Dilek "İsterim. İsterim ama çocuklar?"
Murat "Onlar da bizimle gelecek tabi ki. Uzak kalabileceğimi sanmıyorum." Dedikten sonra Dilek'in elindeki bardağı önlerinde ki masanın üzerine bırakmasını izledi. Kız, o kadar sakin hareket ediyordu ki Murat bir tuhaflık olduğunu fark ederek "Canım iyi misin?" diye sordu. Nikah işlemleri için gerekli olan belgeleri vermişlerdi. Dilek, ne yapıp edip kanına girmiş bu işin aceleye getirilmemesini isteyerek Murat'ı makul bir tarih almaya zorlamış ve başarmıştı. Çocuklarla ilgilenmesi derken karga tulumba alelacele sanki bir suç işlemiş, üzerini örtmeye çalışıyormuş gibi evlenmek istemiyordu Dilek. Bunun düşüncesi bile midesini ağrıtıyordu. Dilek'in kolları boynuna dolanırken, kucağındaki yerini almasıyla derin bir nefes alarak iç geçirdi Murat. Elindeki bardağı zar zor masanın üzerine koyarken "Bizi yakacaktın az kalsın." Dedi.
Dilek "Yanmışız yanacağımız kadar." Dudaklarını uzatıp, adamın çenesinden öptükten sonra içini çekti. "Şu halime bak..." diye fısıldadı "Bu kapıdan içeri ne için girmiştim şimdi ne oldum?"
Murat, sırtını okşarken "Bence bir sorun yok. Böyle mükemmel bile olduk." Dedi. Dilek, onun ilk zamanlarda ki tavrını hatırlayınca dudaklarını büzdü. "Tam bir pisliktin" dedi.
"Sana güvenemiyordum, bunun için beni suçlama."
Dilek "Laflara bak, hiç de alttan almaz."
Murat "Sen daya döşe, ama ben sessiz kalayım? Yok öyle yağma."
Dilek, başını kaldırıp gözlerini kıstı. Omuzlarına bastırarak kucağına oturduğunda "Bir kaşık suda boğasım geliyordu, seni." Dedi "Her şeyi ben bilirim havalarında dolaşıyordun."
Murat "Ama biliyordum. Benim sayemde pek çok şeyi öğrendin." Dediğinde göz kırpıp, gülümsedi. Dilek "Hadi be oradan!

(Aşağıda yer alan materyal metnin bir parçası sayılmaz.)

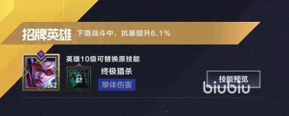 【勇武强化】:全场比赛中,每当选手击败1个敌人后。自身最终增伤提升16%(8级),最多叠加4次。

Neyi öğrenmişim senden?" diye sorduğunda bir anda neye uğradığını şaşırarak kendisini koltukta, Murat'ın altında yatarken buldu. "Buna hile derler!" diye kızdı. Gülmemeye çalışıyordu. Murat, kaşlarının arasından öpünce iç geçirirken, "Beni sevmeyi öğrendin." Demesiyle birlikte gözlerini açarak ona baktı. Yeniden kaşlarını çattı. "Sende ki bu egoyu yok etmem lazım." Dedi.

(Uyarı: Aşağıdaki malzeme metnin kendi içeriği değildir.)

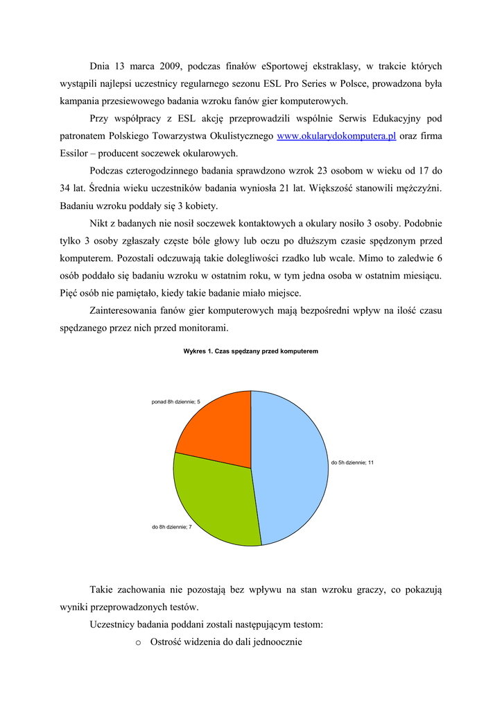 Dnia 13 marca 2009, podczas finałów eSportowej ekstraklasy, w trakcie których wystąpili najlepsi uczestnicy regularnego sezonu ESL Pro Series w Polsce, prowadzona była kampania przesiewowego badania wzroku fanów gier komputerowych. Przy współpracy z ESL akcję przeprowadzili wspólnie Serwis Edukacyjny pod patronatem Polskiego Towarzystwa Okulistycznego www.okularydokomputera.pl oraz firma Essilor – producent soczewek okularowych. Podczas czterogodzinnego badania sprawdzono wzrok 23 osobom w wieku od 17 do 34 lat. Średnia wieku uczestników badania wyniosła 21 lat. Większość stanowili mężczyźni. Badaniu wzroku poddały się 3 kobiety. Nikt z badanych nie nosił soczewek kontaktowych a okulary nosiło 3 osoby. Podobnie tylko 3 osoby zgłaszały częste bóle głowy lub oczu po dłuższym czasie spędzonym przed komputerem. Pozostali odczuwają takie dolegliwości rzadko lub wcale. Mimo to zaledwie 6 osób poddało się badaniu wzroku w ostatnim roku, w tym jedna osoba w ostatnim miesiącu. Pięć osób nie pamiętało, kiedy takie badanie miało miejsce. Zainteresowania fanów gier komputerowych mają bezpośredni wpływ na ilość czasu spędzanego przez nich przed monitorami. Wykres 1. Czas spędzany przed komputerem ponad 8h dziennie; 5 do 5h dziennie; 11 do 8h dziennie; 7 Takie zachowania nie pozostają bez wpływu na stan wzroku graczy, co pokazują wyniki przeprowadzonych testów. Uczestnicy badania poddani zostali następującym testom: o Ostrość widzenia do dali jednoocznie o Test nadwzroczności soczewką +1,0 D o Test czerwono-zielony o Astygmatyzm (figura promienista) o Ostrość widzenia z bliży dwuocznie o Ostrość widzenia na odległości pośrednie dwuocznie (odl. 66 cm) o Foria w odległościach pośrednich o Test fuzji o Sprawność widzenia kinetycznego o Rozpoznawanie barw Wyniki badania ostrości widzenia do dali zawiera tabela 1. Normę stanowiła wartość wisus ≥ 0,8 i prawidłowy wynik testu nadwzroczności. Ostrość widzenia do dali w normie poniżej normy jednoocznie poniżej normy dwuocznie nadwzroczność n=23 16 2 2 3 Tabela 1. Ostrość widzenia do dali U czterech osób zdiagnozowano prawdopodobieństwo krótkowzroczności a u trzech – nadwzroczności. Testy ostrości widzenia w bliży i odległościach pośrednich przeszli pomyślnie wszyscy badani. Każdy z uczestników osiągną w tych testach wisus ≥ 0,8. Wyniki bardziej czułych testów: figury promienista oraz testu czerwono-zielonego, wskazują na powszechne w badanej grupie występowanie astygmatyzmu i nadwzroczności. Tylko 4 badanych zaliczyło pozytywnie test figury promienistej. Z wysokim prawdopodobieństwem można stwierdzić, że astygmatyzm występuje u 19 badanych (u 10 dwuoczny, u 9 jednooczny). 17 spośród 23 badanych wskazało, że widzi czarne znaki wyraźniej na zielonym tle. Te osoby (poza trzema wskazanymi w tabeli 1.) można podejrzewać o skurcz akomodacji. Zaburzenia akomodacji i konwergencji zdiagnozowano na podstawie testów forii. Foria prawidlowo egzoforia ezoforia n=23 10 11 2 Tabela 2. Foria Dwóch spośród 23 badanych nie miało prawidłowej fuzji. Jedna osoba popełniła więcej niż jeden błąd w teście widzenia kinetycznego. U czterech osób rozpoznano zaburzenie rozpoznawania barw (popełniły one co najmniej dwa błędy w teście pseudoIshihara). Wnioski Przesiewowe badania wzroku przeprowadzono na nielicznej, ale jednolitej grupie fanów gier komputerowych. Trudno o wyciąganie wniosków statystycznych na podstawie badania 23 osób. Otrzymane wyniki pozwalają jednak zaobserwować zmiany w funkcjonowaniu wzroku badanych. Wyniki badania ostrości do dali (16 z 23 w normie, 70%) są zbieżne z danymi uzyskiwanymi w innych badaniach wzroku. Wg badań zespołu dr Zająca 34% dzieci 7-letnich ma wadę refrakcji. W badanej grupie graczy komputerowych zaskakują doskonałe wyniki badania ostrości widzenia w bliży (33 cm) i w odległościach pośrednich (66 cm). Tam, gdzie badani najczęściej skupiają swój wzrok. Wszyscy uczestnicy osiągnęli w tych dwóch testach wynik przynajmniej 8/10. Badani gracze, czasem mimo nienajlepszej ostrości do dali, w bliskich odległościach znakomicie rozpoznają szczegóły. Także szczegóły w ruchu, o czym świadczą znakomite wyniki testu widzenia kinetycznego (22 na 23 w normie). Dokładniejsze testy pokazały jak słabym kryterium oceny widzenia jest ograniczenie testów do badania ostrości. Zaledwie u czterech uczestników badania nie zdiagnozowano możliwości wystąpienia astygmatyzmu. Wada ta pogarsza jakość widzenia przez zmianę kształtów obserwowanych przedmiotów. Odczytywane w teście ostrości widzenia litery mogły być rozpoznane prawidłowo, chociaż z powodu astygmatyzmu są zniekształcone. Decydujące znaczenie ma w takiej sytuacji pamięć wzrokowa. Znamy wygląd litery i rozpoznajemy ją po kilku szczegółach nawet jeśli ma ona nieco inny kształt. Podobnie niski rezultat dał test czerwono-zielony. Siedemnastu spośród 23 badanych wskazało, że widzi czarne znaki wyraźniej na zielonym tle. U tych osób narząd wzroku w trakcie patrzenia w dal nie powraca do stanu spoczynku lecz trwa w napięciu. Stan ten, określany jako skurcz akomodacji, prowadzi do nasilającego się bólu głowy lub oczu – podstawowego objawu Syndromu Widzenia Komputerowego CVS. Prawdziwy problem został zdiagnozowany testem forii. Wśród 23 badanych osób aż 13 uzyskało w tym teście wynik nieprawidłowy. A równocześnie wszystkie te osoby osiągnęły pozytywne wyniki badania ostrości widzenia w bliży i odległościach pośrednich. U ponad połowy uczestników badania można z dużym prawdopodobieństwem rozpoznać zaburzenia odruchów akomodacji i konwergencji potocznie opisywane jako zez ukryty. Osoby takie mogą mieć problemy z widzeniem przestrzennym, czyli np. prawidłową ocena odległości w przestrzeni trójwymiarowej. U dwóch badanych osób stwierdzono problem z fuzją obrazów,

Murat, onun yüzünü okşadı, dudaklarına bir öpücük kondururken "Dene bakalım," diye mırıldandı "İşe yarayacak mı?"
Dilek, elini aralarından pantolonuna doğru uzattığında Murat boğuk bir ses çıkararak haykırdı "Asıl buna hile derler." Diyerek gülmeye başladı. "Of, Dilek. Bırak!" Dilek, elini çekince "Kahretsin." Diye tısladı ve kızın kıkırdamalarının arasında çığlık atmalarına umursamayarak, onu gıdıklamaya başladı.
ŞİMDİ OKUDUĞUN
6 ÜSTÜ 1 AŞK
General Fiction"Kendi planlarımızı yapıyorduk, Ama kaderin de planları olduğunu unutmuştuk." Dostoyevski/ Suç ve Ceza *** Murat Albayrak'ın tek istediği arkasını döndüğünde çocuklarının güvende olduğunu bilmekti. Böylece hayatlarını tehdit eden kişiyi bulabilecek...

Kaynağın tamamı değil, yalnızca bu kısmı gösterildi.